GrapheneOS doesn't rely on any third-parties I'm aware of. The only service provided is over-the-air security updates. It doesn't even come with an app store (although you can install F-Droid).
For that reason, GrapheneOS alone fits all three categories you mentioned: It is Android, it is GrapheneOS, and it is fully controllable / doesn't ship bloatware.

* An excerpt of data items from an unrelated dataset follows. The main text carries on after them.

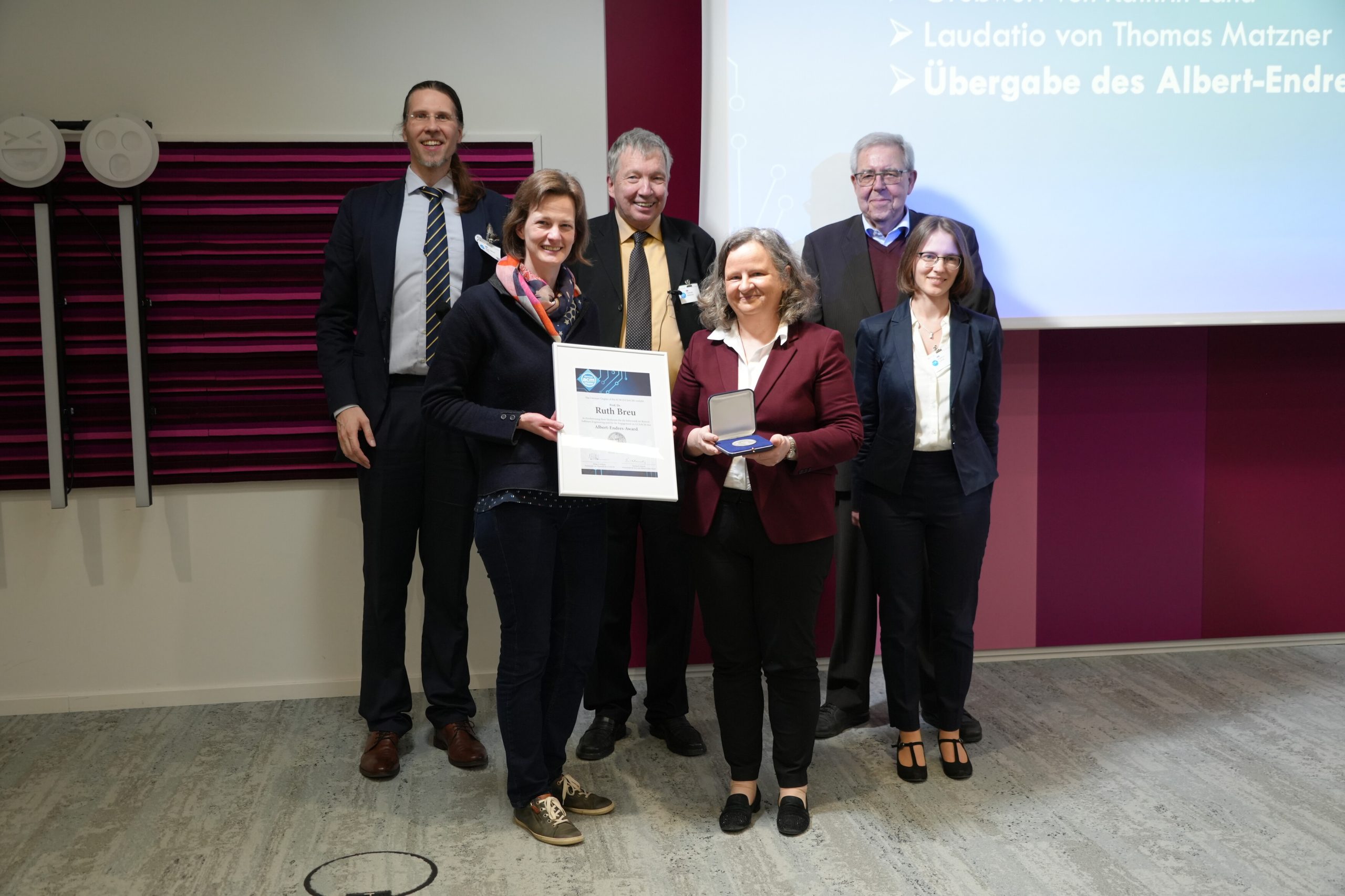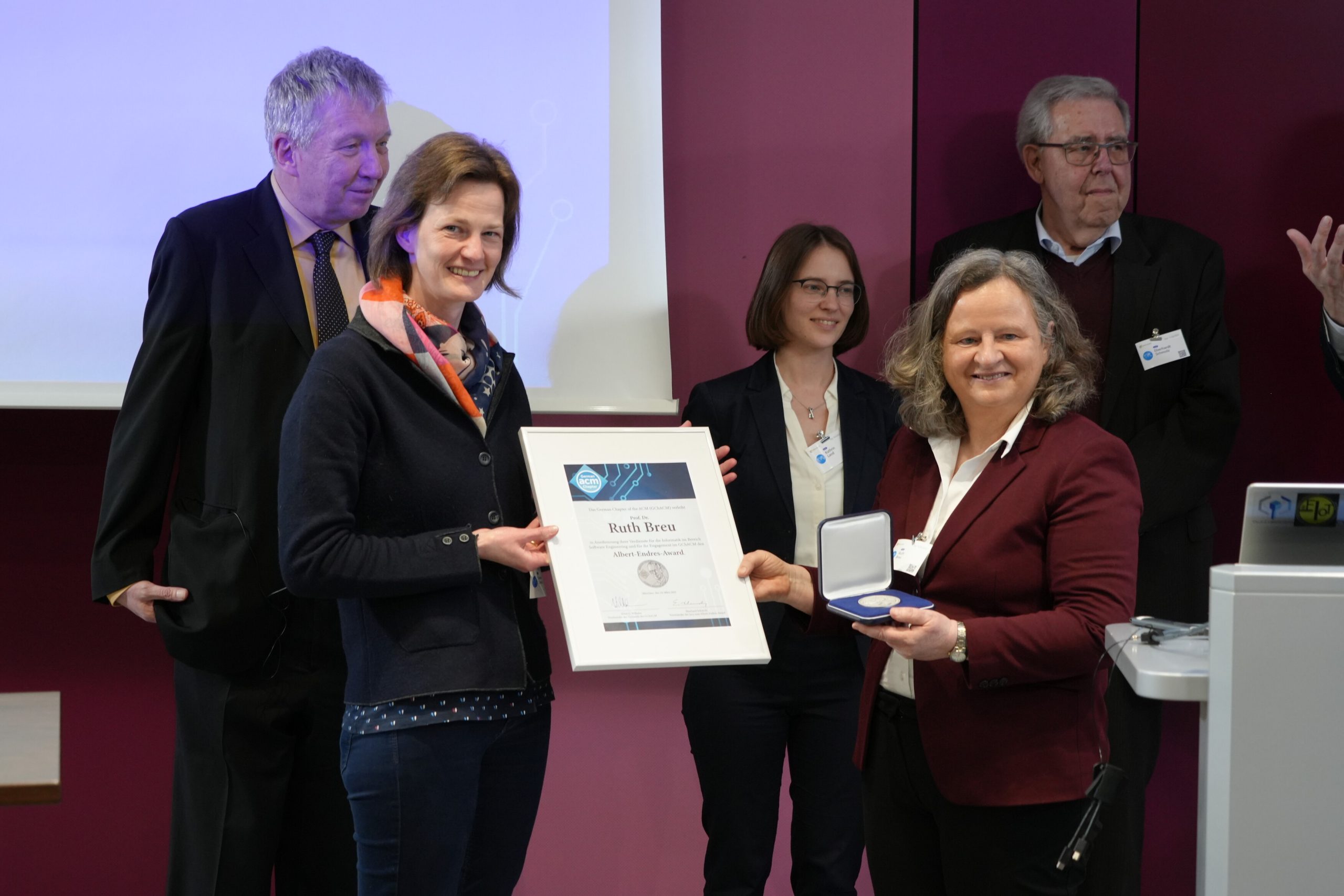 In der eigentlichen Preisverleihung wurden die handgefertigte Medaille aus Silber sowie eine Urkunde an unsere erste Preisträgerin übergeben: Prof. Dr. Ruth Breu, die aktuell in Innsbruck im Bereich modellbasiertes Requirements Engineering und IT Asset Management forscht und lehrt. Ein ausführlicher Bericht über den Preis wird folgen.
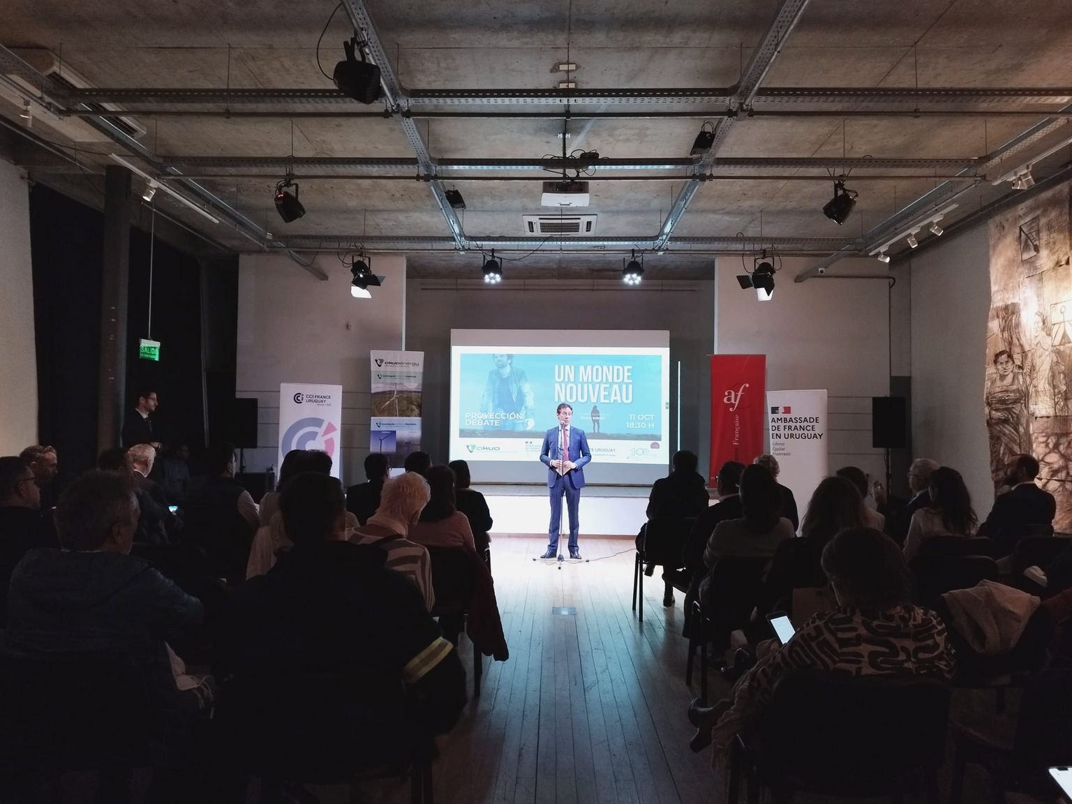 La Chambre de Commerce Française en Uruguay, l'Ambassade de France en Uruguay, l'Alliance Française et la entreprise française d'énergies renouvelables Akuo, ont participé à la projection du documentaire "Un Monde Nouveau", du cinéaste et activiste Cyril Dion.
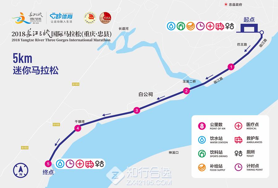 临江路与广场西路交叉口(起点)—玉溪二桥—漕溪河大桥—万树桥大桥—新屋山—车辆掉头口(折返)—新屋山—万树桥大桥—双河口—百窑村—邓家村(折返)—万树桥大桥—玉溪二桥—临江路—滨江路—忠县公安局—大桥路—忠县长江大桥—城黔路—钟溪大桥—城黔路—龙潭(折返)—城黔路—忠县长江大桥—大桥路—忠县公安局—滨江路—临江路与广场西路交叉口(终点)。
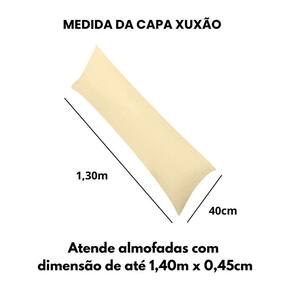 Contém: 02 Fronhas + 1 Capa Xuxão Fronhas: 50cm x 70cm Capa Xuxão: 1,30m x 0,40cm Tecido: Algodão 150 fios / 80% Algodão 20% Poliéster Cor: Palha Atende almofadas com dimensão de até 1,40m x 0,45cm
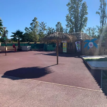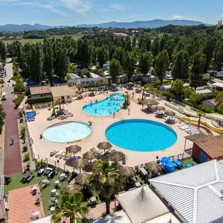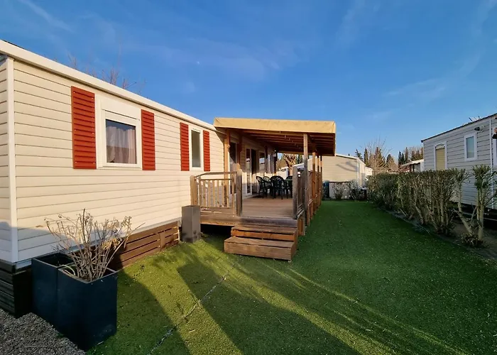 Mobil-Home 2 chambres camping 4 étoiles à Fréjus offre une expérience de luxe avec une jardin bien entretenu et une piscine extérieure. Chaque mobil-home dispose d'une terrasse où vous pourrez profiter du soleil. L'établissement est entouré de nature, tout en étant proche des activités aquatiques de la région. La climatisation assure un confort agréable même pendant les journées chaudes. Ce camping est parfait pour ceux qui souhaitent explorer la belle Côte d'Azur.
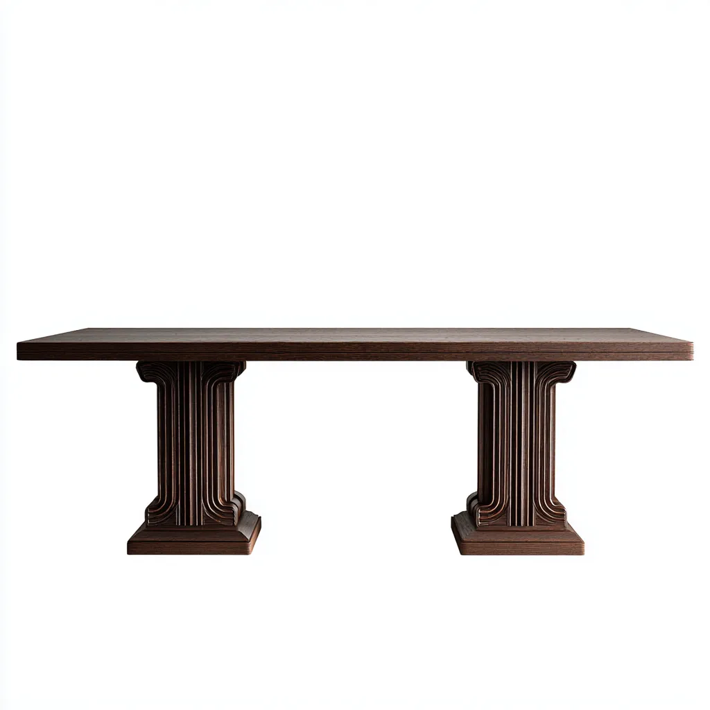 Fabricada en madera maciza con un acabado liso y uniforme, la superficie ofrece una textura natural y resistente. Las bases de soporte, diseñadas con formas inspiradas en columnas clásicas, aportan estabilidad y un fuerte carácter decorativo.

It is not controllable at all: It still enforces any app author's will against the user's. Root is not offered, and the grapheneos maintainer seems to be personally offended by the thought that root could be helpful.
What I mean: I cannot see the app's files, I cannot edit them, I cannot backup the app locally, only by uploading data unencrypted to googles cloud. Adb backup was unreliable in the past, could be switched off by the app against my will, an is deprecated anyway. I cannot screenshot an app if the app doesn't want me to. I cannot block ads properly, only via some fake VPN app, but then I cannot use an actual VPN at the same time. I cannot firewall an app, except with a hack using another fake VPN app. I cannot disable an app into background. I cannot give a fake GPS to an app.
I cannot have f-droid auto-update my apps. All of these things I should be able to do, but the anti-user "security" enforces this against me, actually hurting my security in order to make googles and shady app vendor's business models possible. And then they claim it's for my own good.
A lot of the "root is bad mkay" is fueled by this more or less hidden agenda. That it helps to idiot-proof devices is a nice side effect only. Historical proof of this hypothesis is: When TCPA was first introduced it was explicitly made for DRM. People fought it a lot, so today they are introducing it disguised as security measure.
For your later linked examples, those can be changed.
But as for the microG/GApps question, GrapheneOS provides a sandbox for the actual GApps, so that almost everything can run properly, with very strong control over what is seen by Google.
How is Pinephone coming along toward this year's end?
I check in every now and then, but I need it to be where current Lineage/Graphene are. I don't need trivial software (games et al), but I need it to be automatic enough* that I don't have to spend an evening or weekend unbreaking things – and reliable all the same.
* barring basic things like package manager updates
And nowhere near the security of even stock Android, unfortunately. Every app is free to spy on everything else on the system, just like most desktops.
Has anyone succeeded in running multiboot on "smartphone" hardware, i.e., where the user can boot into a choice of kernel/userland. One choice might be Android, another might be GrapheneOS/LineageOS, another might be an OS that does not rely on any third parties whatsoever (no conveniences, "app stores", "connectivity checks", etc.) and is fully controlled by the user. In other words, the third choice lets the pocket-sized computer be used more like a pre-smartphone era desktop/laptop OS. Basic functionality.